Speculative-grade borrowers are issuing shorter-term bank debt at lower interest-rates by turning to collateralized loan obligations that will soon wind down.
Companies from US Airways Group Inc. (LCC) to Spectrum Brands Holdings Inc. (SPB), the maker of George Foreman grills, have raised a record $10 billion of loans this year from CLOs facing the end of their so-called reinvestment-periods that limit their ability to buy longer-dated debt, according to Credit Suisse Group AG. Spectrum Brands obtained $1.15 billion in financing including a four-year portion paying half a percentage point less interest than a six-year piece, according to data compiled by Bloomberg.
The window to invest is closing for an unprecedented $81 billion of CLOs this year, up from $54 billion in 2012, according to JPMorgan Chase & Co. The need for CLOs created before the collapse of Lehman Brothers Holdings Inc. to wind down is giving some companies with below investment-grade ratings the chance to reduce borrowing costs with shorter-term loans in exchange for more refinancing risk.
Leveraged loans will increasingly consist of two pieces with different maturities, one having an earlier due date that meets the needs of the growing number of CLOs that are reaching the end of their reinvestment periods, Tim Broadbent, head of Americas leveraged loan syndicate at Barclays Plc, said in a telephone interview.
CLOs are a type of collateralized loan obligation that buy high-yield loans and package them into securities of varying risk and return. When CLOs are in their reinvestment period, they can reinvest principal proceeds back into the loan market. Once they get to the end of their reinvestment periods, those proceeds will be directed toward repaying the fund’s liabilities.
Michelle Mohr, a spokeswoman for US Airways, and David Prichard, a spokesman for Madison, Wisconsin-based Spectrum Brands, declined to comment on the companies’ financings.
Credit Suisse arranged $1.15 billion of term loans helping Spectrum Brands, whose products include Black & Decker home appliances and Remington hair dryers, to refinance more expensive bonds, Bloomberg data show. The $850 million four-year piece pays interest at 2.25 percentage points more than the London interbank offered rate, with a 0.75 percent floor on the lending benchmark. The $300 million six-year portion has a spread of 2.75 percentage points and the same Libor floor.

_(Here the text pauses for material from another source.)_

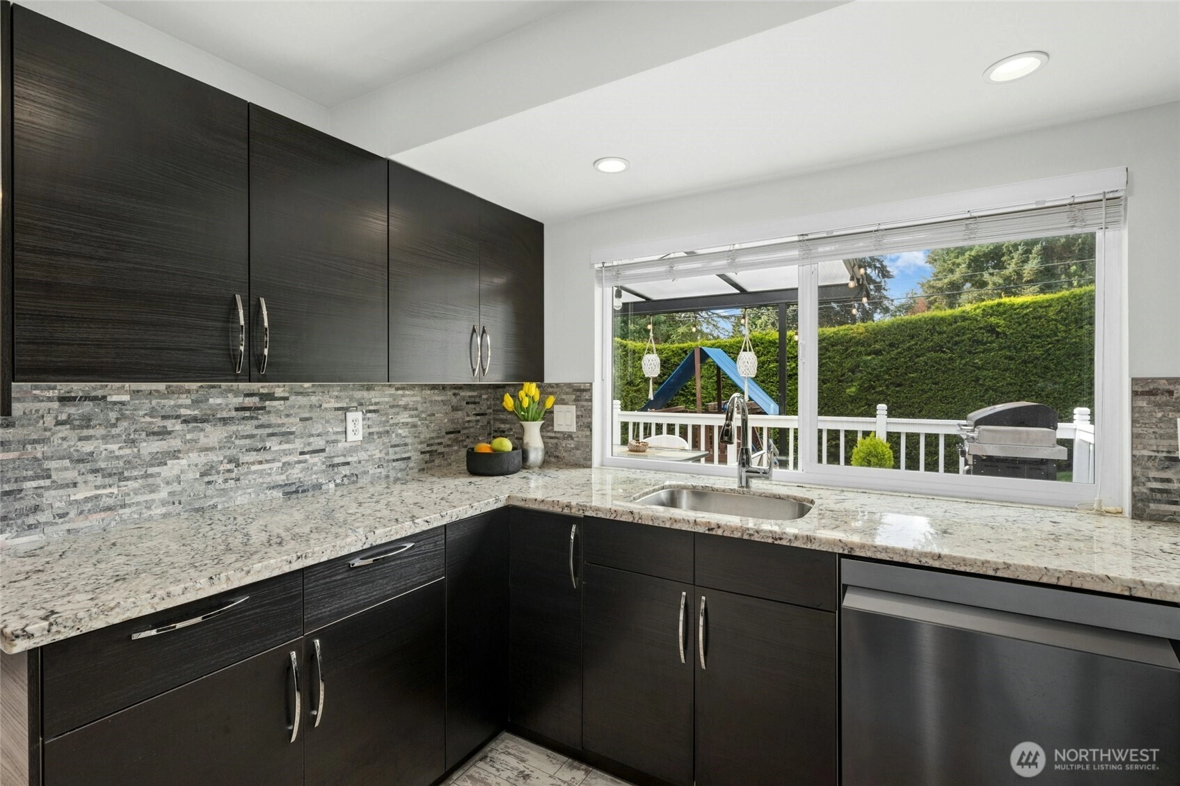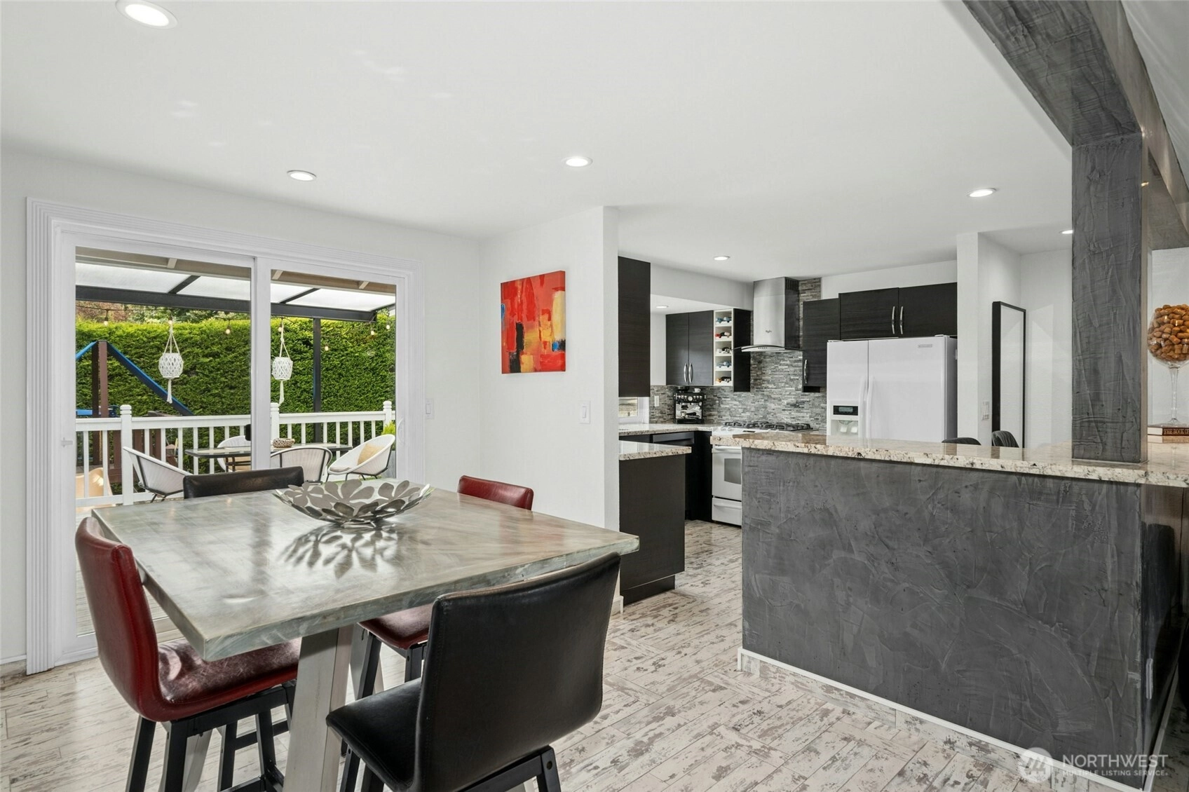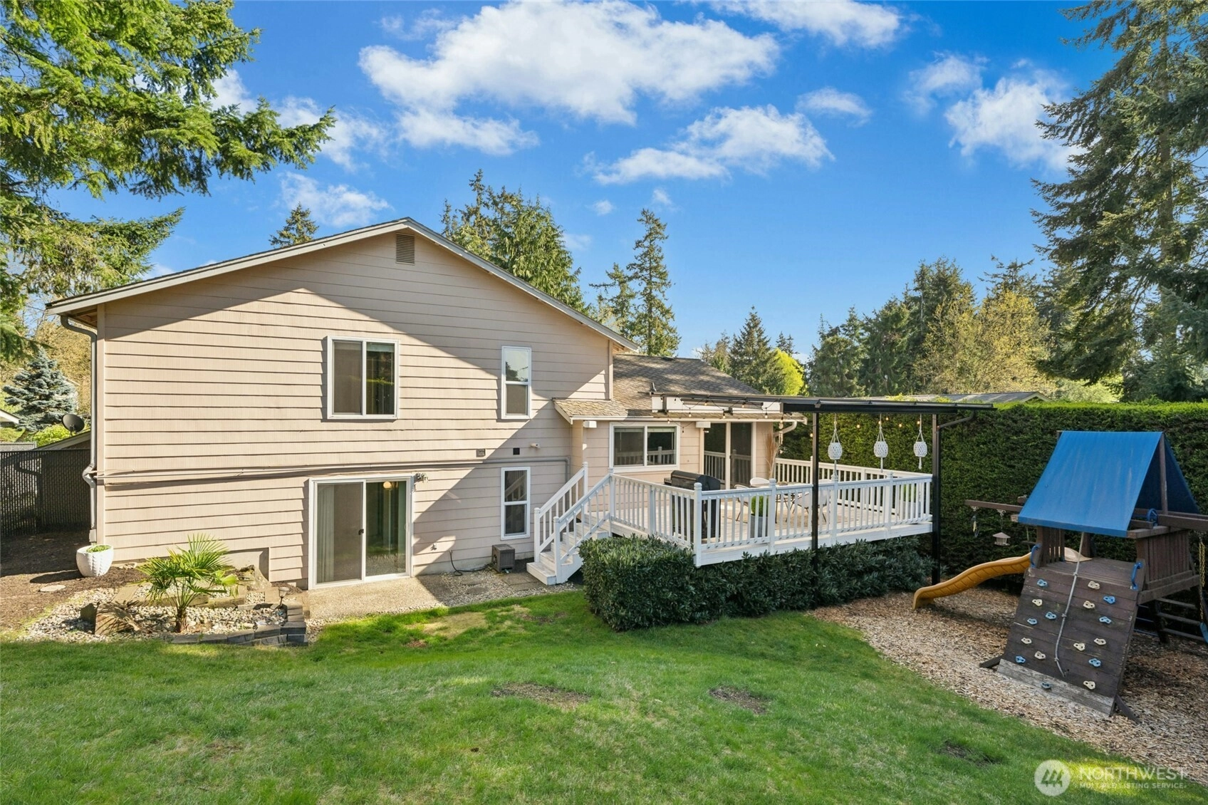 Clean, updated 4-bedroom, 3-bath tri-level home tucked away on a quiet dead-end street in one of the most desirable locations on sought-after South Finn Hill. This 1,830-square-foot residence features vaulted ceilings, refreshed surfaces, abundant natural light, and an expansive covered main-level deck—perfect for summer barbecues and year-round entertaining. Additional highlights include an updated main kitchen, newer vinyl windows and paint, a presidential 50-year roof, an attached two-car garage, and mature landscaping. The lower level offers excellent flexibility with a second kitchen, spacious rec room, and separate entrance—ideal for a potential ADU or multi-generational living. The private backyard includes a grassy lawn, playset and storage shed, creating a wonderful setting for outdoor enjoyment. Ideally located just minutes from Juanita Bay, I-405 and downtown Kirkland, and over 600 acres of protected forests and trails, including waterfront Denny Park, St. Edward State Park, Big Finn Hill Park, and the Juanita Woodlands. Award-winning Lake Washington School District (#4 out of 231 districts in Washington). Don’t miss this exceptional opportunity!

“The borrower loved the lower-cost capital,” Jeff Cohen, co-head of U.S. loan capital markets at Credit Suisse, said in a telephone interview. “They have their place and time for the right kind of issuer.”
Standard & Poor’s estimates Spectrum Brands will produce between $550 million and $600 million of free cash flow this year and next. The firm increased the company’s credit rating to B+, or four levels below investment-grade, citing $50 million of interest cost savings from the refinancing and its ability to reduce debt.
Barclays arranged $1.2 billion of term loans including a shorter duration carve-out for Fairmount Minerals Ltd., helping the Chesterland, Ohio-based company finance its purchase of FTS International’s sand-mining business.
A $325 million portion, due in March 2017, was offered to investors at a rate of 4 percentage points more than Libor with no minimum on the lending benchmark, according to a person with knowledge of the deal who asked not to be identified because terms are private. An $885 million piece that matures in six years has the same spread, with a 1 percent floor on Libor. Three-month Libor (US0003M), the variable benchmark rate for leveraged loans, was set at 0.262 percent on Aug 23.
Borrowers seeking shorter-dated maturities need “adequate free cash-flow,” Cohen said.
US Airways, the carrier merging with AMR Corp.’s American Airlines, obtained $1.6 billion of term loans in May to refinance debt and split them into separate maturities.
The interest rate on the six-year $1 billion piece was set at an initial 3.25 percentage points more than Libor, compared with the 2.5 percentage point spread for the $600 million portion that has a maturity of 3 1/2 years, Bloomberg data show. Each loan has a 1 percent floor on Libor.
After the merger, which the U.S. Justice Department is seeking to block, the interest rate on both pieces would decrease by 25 basis points. A basis point is 0.01 percentage point.
Structuring a loan to include a shorter-term piece is less common in buyout financings because private-equity firms typically prefer to push out the risk of refinancing as far as possible, Broadbent said.
“One place you are going to see them is for bigger deals where you are looking for sheer capacity,” he said. “With a $4 billion or $5 billion term loan you are going to want to make sure you can dip into every pocket in order to get that done.”